Live album by William Parker
- Released: September 3, 2010
- Recorded: March 13, 2001, April 3, 2002, February 10, 2007, June 15 and October 25 & 29, 2008
- Genre: Jazz
- Length: 139:50
- Labels: AUM Fidelity AUM 062/63
- Producer: William Parker

William Parker chronology
| At Somewhere There (2008) | I Plan to Stay a Believer (2010) | Winter Sun Crying (2009) |

= I Plan to Stay a Believer =

I Plan to Stay a Believer (subtitled The Inside Songs of Curtis Mayfield) is a double live album by American jazz bassist William Parker, recorded between 2001 and 2008 and released on the AUM Fidelity label.

==Reception==

In his review for AllMusic, arwulf arwulf states "Any and all recordings made by William Parker and his troupe in honor of Curtis Mayfield really should be obtained and played at high volume for all to hear.
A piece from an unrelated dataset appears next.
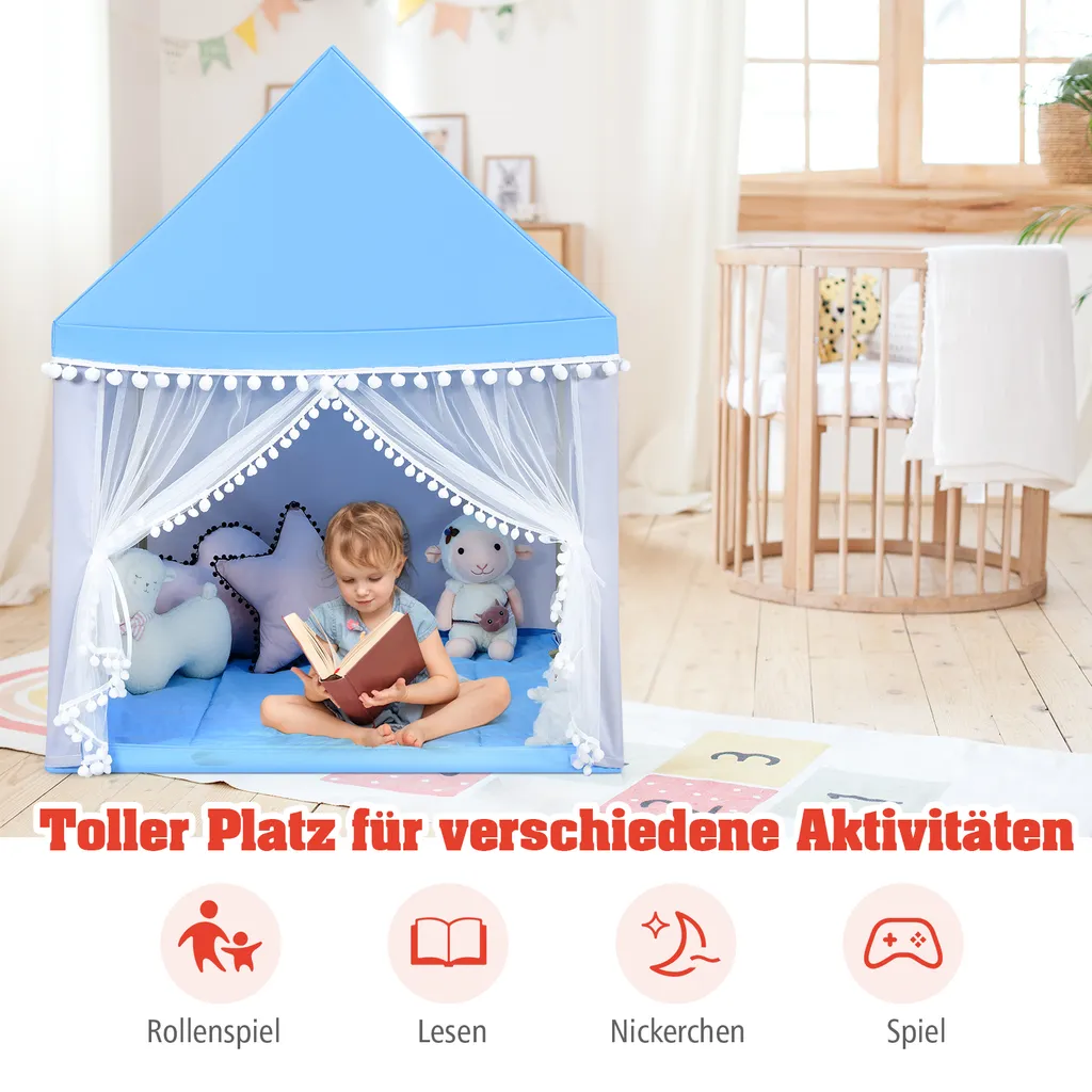 Genau wie ein echtes Haus ist dieses Spielhaus mit seinem Massivholzrahmen sehr stabil. Eine weiche und dicke Decke wird mitgeliefert, um ein superbequemes Sitzgefühl zu schaffen. Das ganze Haus ist mit ungiftigem und geruchlosem Oxford-Stoff bezogen, und Sie können sich darauf verlassen, dass Ihr Kind immer in einer sicheren Umgebung sein wird. Die bezaubernden Türen und Fenster dienen nicht nur der Dekoration, sondern auch der Luftzirkulation.

This is music of global relevance and cosmic importance. It is also distinctly approachable and, one might even say, embraceable". Pitchfork stated "I have no idea what Mayfield would think of these versions of his songs, but it's hard to imagine him being anything but flattered by the immense thought and planning that clearly went into these arrangements. To pull and stretch these songs so much and still preserve their essential identity is a true feat of art". The All About Jazz review noted "On the surface of it there might not seem to be much continuity between the music of William Parker's and Curtis Mayfield, but scratch away at it and the overlap is revealed. On a social level both men were/are activists, conscious of rights human as well as merely social and, on the basis of the evidence caught in this double live set, both men were/are capable of galvanizing bands to a level of spontaneous joy that's uplifting as well as heartfelt".

Professional ratings
Review scores
| Source | Rating |
| AllMusic | Star Half star |
| Pitchfork Media | 8.2/10 |

==Track listing==
All compositions are by Curtis Mayfield except as indicated.

Disc One:
1. "I Plan to Stay a Believer" – 12.52
2. "If There's a Hell Below" – 21.23
3. "We the People Who Are Darker Than Blue" – 17.41
4. "I'm So Proud / Ya He Yey Ya" (Curtis Mayfield / William Parker) – 15.15
5. "This Is My Country (Paris)" – 5.44
Disc Two:
1. "People Get Ready/The Inside Song" (Curtis Mayfield / William Parker) – 14.38
2. "This Is My Country (New York)" – 10.56
3. "It's Alright" – 5.13
4. "Move On Up" – 17.27
5. "Freddie's Dead" – 11.26
6. "New World Order" – 6.59
- Disc One, track 5 and Disc Two, track 6 recorded at the Banlieues Bleues Festival, Paris, France on March 13, 2001
- Disc One, track 4 recorded at The Magic Triangle Jazz Concert Series, Buckley Recital Hall, Amherst College, Amherst, MA on April 3, 2002
- Disc One, tracks 1 & 2 recorded at 10th Festival di Cultura e Musica Jazz di Chiasso, Spazio Officina, Chiasso, Switzerland on February 10, 2007
- Disc Two, tracks 1, 2 & 5 recorded at Vision Festival, Main Stage, Clemente Soto Véalez, New York City on June 15, 2008
- Disc One, track 3 and Disc Two, track 3 recorded at the Jazz & Wine of Peace Festival, Cormons, Italy on October 25, 2008
- Disc Two, track 4 recorded at the Teatro Centro Lucia, Botticino Jazz, Botticino, Italy on October 29, 2008

==Personnel==
- William Parker – bass, doussn'gouni, balofon
- Lewis Barnes – trumpet
- Darryl Foster – tenor saxophone, soprano saxophone
- Sabir Mateen – alto saxophone, tenor saxophone, flute
- Dave Burrell – piano
- Hamid Drake – drums
- Leena Conquest – vocals
- Amiri Baraka – voice, poetry
- Lafayette Gilchrist – piano (Disc One, tracks 1 & 2)
- Guillermo E. Brown – drums (Disc One, tracks 1 & 2)
- New Life Tabernacle Generation of Praise Choir of Brooklyn, NY (Disc Two, tracks 1 & 2)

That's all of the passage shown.